[tlhIngan Hol] [tlhIngan-Hol] A question on {ngIq}

De'vID de.vid.jonpin at gmail.com
Thu Jun 9 04:43:01 PDT 2016

On 9 June 2016 at 04:31, qurgh lungqIj <qurgh at wizage.net> wrote:
> 馬後俥 sounds more like a strategy in western chess than a technique. I think
> techniques need to be more specific than simply using two pieces to threaten
> another piece (unless the pieces are always in the same spaces and are of
> the same type). In western chess, the openings are list of moves that
> specific pieces make. They are a set number of turns, and you end up with a
> very specific setup of pieces.

I feel like there's a "terminology gap" in English here.

An atomic move is something like "rook moves in a straight line", or
"throw a punch".

A strategy would be something like "occupying the middle of the
board", or "force the opponent to keep stepping back".

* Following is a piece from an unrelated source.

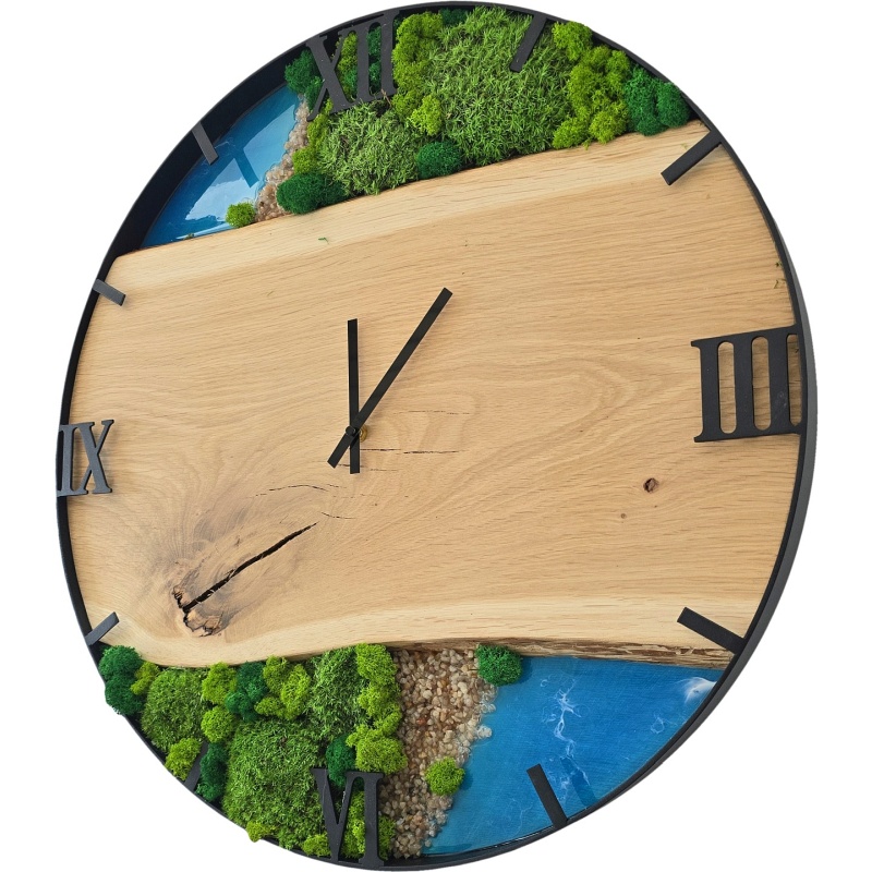 L'association du bois naturel, de l'époxy et de la mousse : un concept de design exceptionnel. Cette horloge allie trois univers visuels et matériels distincts : la chaleur du bois naturel, la mousse verte luxuriante et une « rivière en époxy » brillante, agrémentée de sable et de galets. Chaque regard est comme un retour à la nature.

There are things in the middle which are combinations of moves which
are repeated so often that they get names. What are these called? A
"tactic"? A "maneuver"? Things like "attack with these two pieces in a
specific way" or "throw a punch, followed by sweep". In Chinese, the
same term is used in both chess and martial arts. As a matter of fact,
it's even used for "combo" when talking about Street Fighter and
similar fighting games in Chinese. That term is translated often as
"fighting technique" in dubbed/subbed films and literature, so
mentally I have {tonSaw'} mapped to that.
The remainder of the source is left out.